(RAW DATA):
/---

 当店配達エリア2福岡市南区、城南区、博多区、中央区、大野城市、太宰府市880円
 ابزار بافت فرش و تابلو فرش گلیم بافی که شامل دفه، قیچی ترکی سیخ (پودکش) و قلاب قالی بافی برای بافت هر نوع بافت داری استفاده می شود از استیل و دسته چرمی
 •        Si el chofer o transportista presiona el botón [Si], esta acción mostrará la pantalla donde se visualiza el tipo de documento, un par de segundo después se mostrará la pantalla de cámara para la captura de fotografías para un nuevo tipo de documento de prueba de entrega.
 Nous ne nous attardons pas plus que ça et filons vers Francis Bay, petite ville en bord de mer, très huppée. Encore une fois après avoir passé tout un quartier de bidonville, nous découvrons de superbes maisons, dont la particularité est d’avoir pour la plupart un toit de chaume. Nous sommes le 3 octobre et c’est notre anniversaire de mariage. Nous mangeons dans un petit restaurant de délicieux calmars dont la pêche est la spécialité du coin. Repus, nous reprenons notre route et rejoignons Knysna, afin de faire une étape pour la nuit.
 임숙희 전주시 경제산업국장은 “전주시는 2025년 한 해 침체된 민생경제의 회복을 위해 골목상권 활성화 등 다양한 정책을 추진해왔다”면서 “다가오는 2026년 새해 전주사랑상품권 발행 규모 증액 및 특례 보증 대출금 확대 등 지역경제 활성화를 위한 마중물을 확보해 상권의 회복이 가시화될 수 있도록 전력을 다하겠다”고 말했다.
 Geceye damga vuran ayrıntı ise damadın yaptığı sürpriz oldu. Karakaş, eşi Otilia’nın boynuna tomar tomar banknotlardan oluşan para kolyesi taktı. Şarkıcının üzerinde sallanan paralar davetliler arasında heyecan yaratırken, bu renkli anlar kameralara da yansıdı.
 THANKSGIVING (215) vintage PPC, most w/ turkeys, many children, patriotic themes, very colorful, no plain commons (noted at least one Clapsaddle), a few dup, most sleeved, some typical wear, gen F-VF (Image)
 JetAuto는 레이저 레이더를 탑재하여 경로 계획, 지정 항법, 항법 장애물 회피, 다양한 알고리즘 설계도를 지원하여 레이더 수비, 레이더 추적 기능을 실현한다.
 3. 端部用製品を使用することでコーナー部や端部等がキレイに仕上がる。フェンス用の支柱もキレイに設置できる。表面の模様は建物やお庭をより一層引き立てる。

\---

(EXERCISE): Reproduce, please, the lines of the material from its first line down to the line containing "prueba de entrega.", keeping both ends and nothing beyond them.

(ANSWER TO THIS PROBLEM):
 当店配達エリア2福岡市南区、城南区、博多区、中央区、大野城市、太宰府市880円
 ابزار بافت فرش و تابلو فرش گلیم بافی که شامل دفه، قیچی ترکی سیخ (پودکش) و قلاب قالی بافی برای بافت هر نوع بافت داری استفاده می شود از استیل و دسته چرمی
 •        Si el chofer o transportista presiona el botón [Si], esta acción mostrará la pantalla donde se visualiza el tipo de documento, un par de segundo después se mostrará la pantalla de cámara para la captura de fotografías para un nuevo tipo de documento de prueba de entrega.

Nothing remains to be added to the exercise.